Information provided:
● ● ●
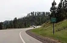 Custer County lies on the west line of South Dakota. Its west boundary line abuts the east boundary line of the state of Wyoming. The Cheyenne River flows northeastward along the upper portion of the county's east boundary. Battle Creek flows southeastward in the upper eastern part of the county, discharging into Cheyenne River along the county's northeastern boundary line. Spring Creek flows northeastward through the upper eastern part of the county, discharging into the river just north of the county border. The county terrain is mountainous, especially its western portion.[4] The terrain slopes to the east; its lowest point is its NE corner at 2,461 ft (750 m) above sea level (ASL). Its highest point is a mountain crest along the north boundary line, at 6,657 ft (2,029 m) ASL.[5]
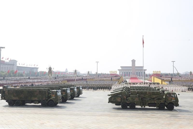 9月3日,紀(jì)念中國人民抗日戰(zhàn)爭暨世界反法西斯戰(zhàn)爭勝利80周年大會在北京隆重舉行。這是反艦導(dǎo)彈方隊接受檢閱。
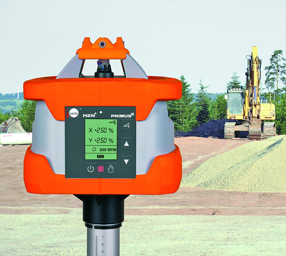 Bei starken Erschütterungen stoppt die integrierte Höhenkontrolle den Laser, um Messfehler zu vermeiden. Dadurch liegt die Nivelliergenauigkeit des Primus² H2N bei ± 0,5 mm pro 10 m Entfernung und ± 0,015 % in beiden Neigungsachsen. Die Reichweite des Lasers beträgt bis zu 700 m, um ein weitgehend unterbrechungsfreies Arbeiten sicher zu stellen. In Kombination mit dem AcceptorM reduziert der Rotationslaser somit den Zeitaufwand bei Aushubarbeiten und gewährleistet einen sicheren Ablauf, da sich keine Person zum Einweisen im Schwenkbereich befindet. §
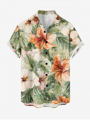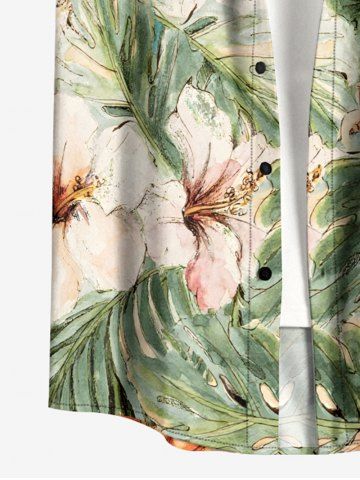 Plus Size Hibiscus Flowers Tropical Leaf Print Buttons Pocket Hawaii Shirt For Men - Green - L
● ● ●
What this task involves: Would you repeat the listing above exactly, minus the images?

Answer to the exercise:
 Custer County lies on the west line of South Dakota. Its west boundary line abuts the east boundary line of the state of Wyoming. The Cheyenne River flows northeastward along the upper portion of the county's east boundary. Battle Creek flows southeastward in the upper eastern part of the county, discharging into Cheyenne River along the county's northeastern boundary line. Spring Creek flows northeastward through the upper eastern part of the county, discharging into the river just north of the county border. The county terrain is mountainous, especially its western portion.[4] The terrain slopes to the east; its lowest point is its NE corner at 2,461 ft (750 m) above sea level (ASL). Its highest point is a mountain crest along the north boundary line, at 6,657 ft (2,029 m) ASL.[5]
 9月3日,紀(jì)念中國人民抗日戰(zhàn)爭暨世界反法西斯戰(zhàn)爭勝利80周年大會在北京隆重舉行。這是反艦導(dǎo)彈方隊接受檢閱。
 Bei starken Erschütterungen stoppt die integrierte Höhenkontrolle den Laser, um Messfehler zu vermeiden. Dadurch liegt die Nivelliergenauigkeit des Primus² H2N bei ± 0,5 mm pro 10 m Entfernung und ± 0,015 % in beiden Neigungsachsen. Die Reichweite des Lasers beträgt bis zu 700 m, um ein weitgehend unterbrechungsfreies Arbeiten sicher zu stellen. In Kombination mit dem AcceptorM reduziert der Rotationslaser somit den Zeitaufwand bei Aushubarbeiten und gewährleistet einen sicheren Ablauf, da sich keine Person zum Einweisen im Schwenkbereich befindet. §
 Plus Size Hibiscus Flowers Tropical Leaf Print Buttons Pocket Hawaii Shirt For Men - Green - L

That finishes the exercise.